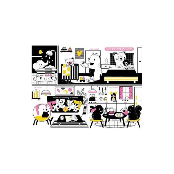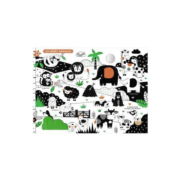 Un magnifique livre au format géant avec plus de 20 matières à toucher au fil des pages et qui peut se transformer en tapis d’éveil. Le tout-petit découvre même un miroir à la fin ! Ce nouveau titre revêt un magnifique design en noir et blanc, avec des touches de couleurs flashy avec 4 tableaux magnifiques à observer !
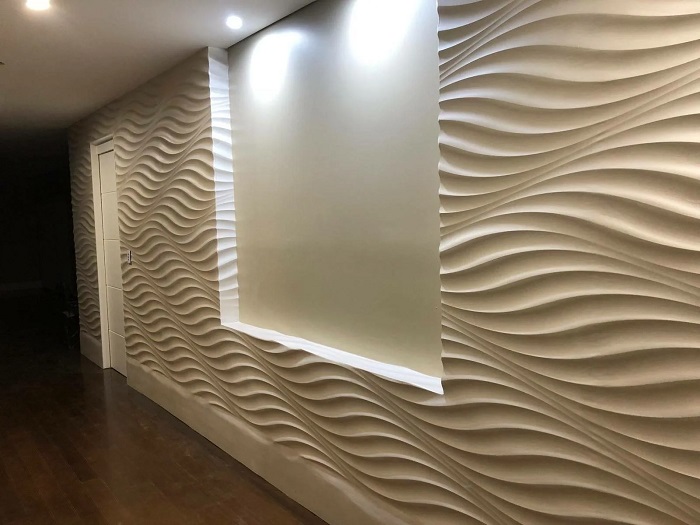 Визуальный эффект – рельеф добавляет глубины, помогает зонировать пространство и скрывать мелкие неровности основания.
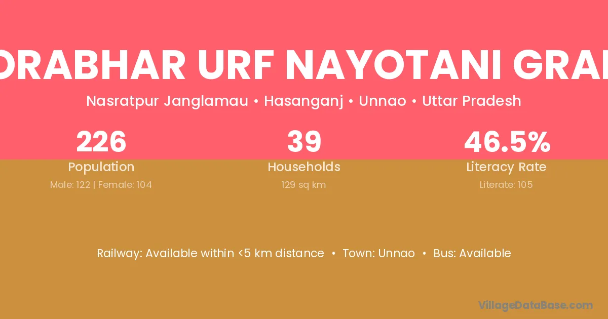 Poorabhar Urf Nayotani Gramin village has a total population of 226 people, of which 122 are males and 104 are females.
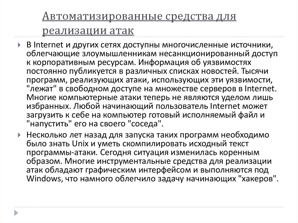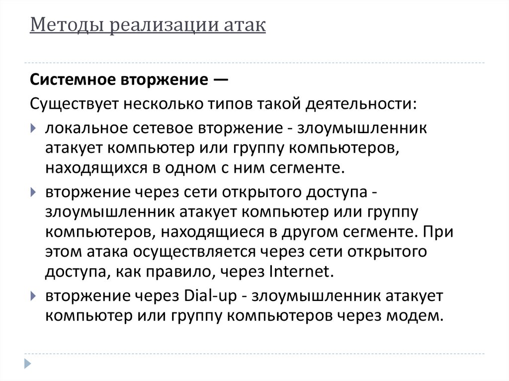 Средства реализации атакСредства (механизмы) реализации атак могут быть
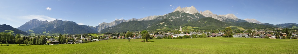 Panoramaaufnahme von Saalfelden am Steinernenen Meer aus dem Sommer 2009 | Eigenes Werk | Fabio Saber | Datei:Saalfelden Am Steinernen Meer - Panorama.png | |
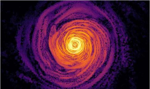 科學家用計算機模擬了類似心宿三的磁星是如何誕生的。該圖像是軌道平面的剖面圖,其中的填色代表了磁場的強度,而淺色的剖面線則反映了磁場線的方向
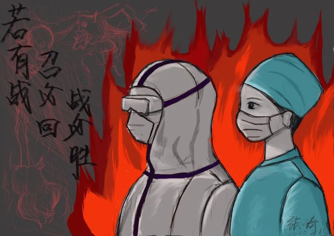 以小汤山医护人员请战书为素材,用procreate完成了这张简陋的画。火焰代表我们的意志同时也代表疫情刻不容缓,右边字下的妖魔鬼怪用铅笔画出,代表我们必将战胜病魔。
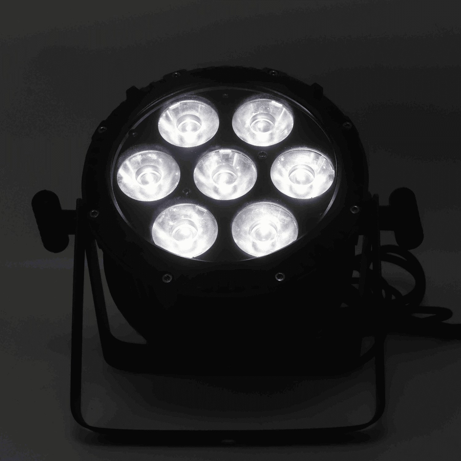 Il Par LED RGBW 7X20W puรฒ emettere diverse tipologie di luci con un’elevata disponibilitร di miscelazione di colori disponibili. Il faretto NLIGHTING PAR LED รจ dotato di un vetro resistente con gradazione IP65, quindi adatto sia per uso interno ed esterno. All’interno dello scatolo oltre il Par LED presente anche un cordino di sicurezza e un gancio aliscaf per attaccare il Par LED al traliccio o Americana. Presenti anche le connessioni DMX IN e OUT e Alimentazione SHUCKO. Il PAR LED 7X20W dispone delle seguenti modalitร : Automatico, Ritmo di musica, Dmx 512, funzione Strobo e Dimmer regolabile per l’intensitร della luce da 0 a 100%. Il Par LED 7X20 puรฒ essere installato in numerose occasioni tra cui: Bar, Sale Per feste, Discoteche sia al chiuso che all’aperto.
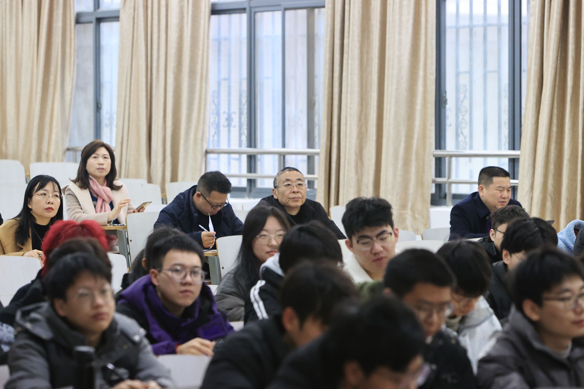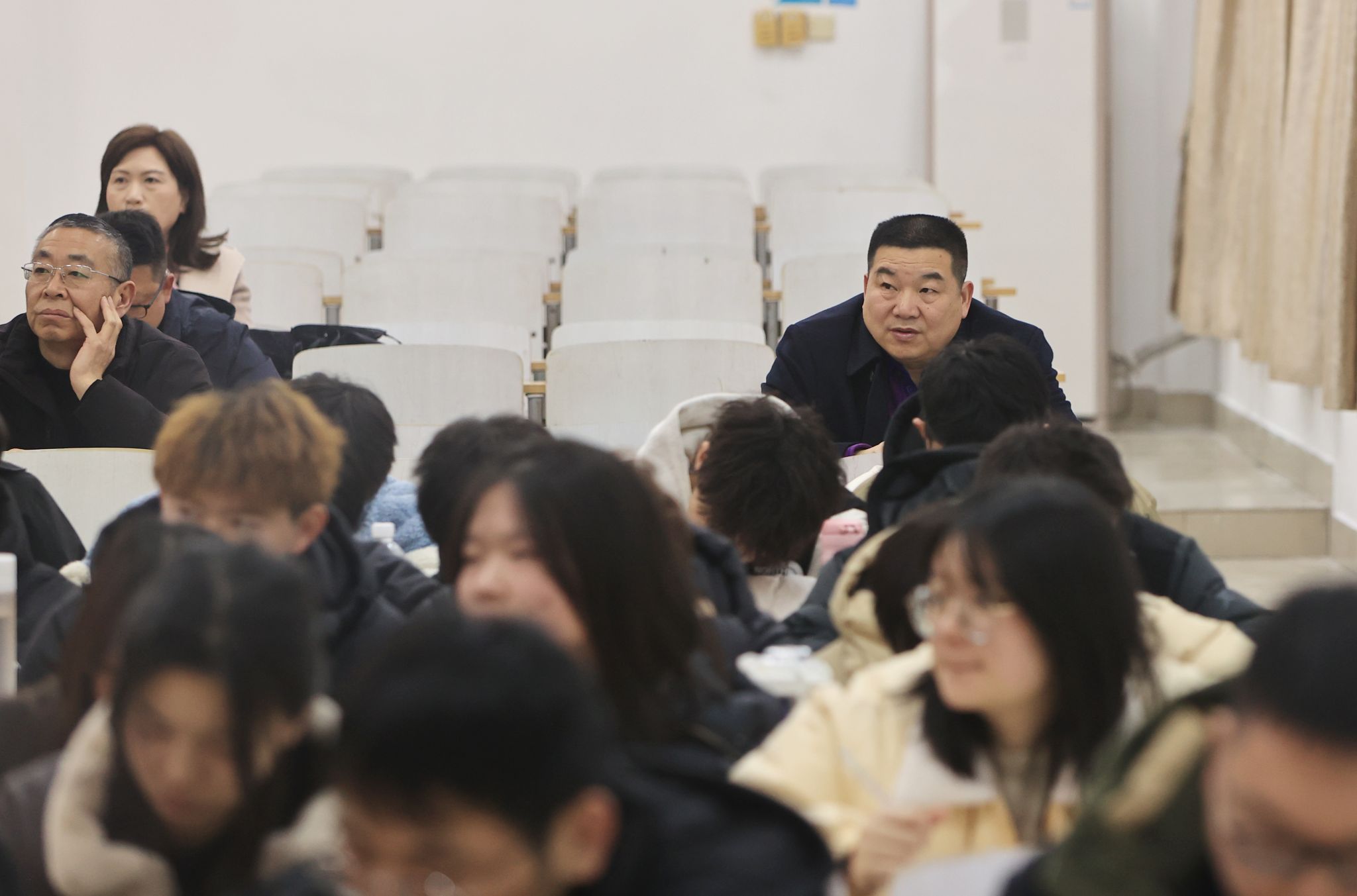 副校长丁成忠,副校长胡水兵,财务总监谭婧来到1号教学楼201教室,和学生们一起聆听程小芳老师的《金融风险管理》课程,并在课后与学生亲切交流,了解学生上课感受,勉励学生新学期努力学习。

WORK ITEM —
No pictures belong in the copy. Retype exactly, and only, the lines from the line containing "以小汤山医护人员请战书为素材" through the last line of the data, both included.

SOLUTION TO THIS EXERCISE —
 以小汤山医护人员请战书为素材,用procreate完成了这张简陋的画。火焰代表我们的意志同时也代表疫情刻不容缓,右边字下的妖魔鬼怪用铅笔画出,代表我们必将战胜病魔。
 Il Par LED RGBW 7X20W puรฒ emettere diverse tipologie di luci con un’elevata disponibilitร di miscelazione di colori disponibili. Il faretto NLIGHTING PAR LED รจ dotato di un vetro resistente con gradazione IP65, quindi adatto sia per uso interno ed esterno. All’interno dello scatolo oltre il Par LED presente anche un cordino di sicurezza e un gancio aliscaf per attaccare il Par LED al traliccio o Americana. Presenti anche le connessioni DMX IN e OUT e Alimentazione SHUCKO. Il PAR LED 7X20W dispone delle seguenti modalitร : Automatico, Ritmo di musica, Dmx 512, funzione Strobo e Dimmer regolabile per l’intensitร della luce da 0 a 100%. Il Par LED 7X20 puรฒ essere installato in numerose occasioni tra cui: Bar, Sale Per feste, Discoteche sia al chiuso che all’aperto.
 副校长丁成忠,副校长胡水兵,财务总监谭婧来到1号教学楼201教室,和学生们一起聆听程小芳老师的《金融风险管理》课程,并在课后与学生亲切交流,了解学生上课感受,勉励学生新学期努力学习。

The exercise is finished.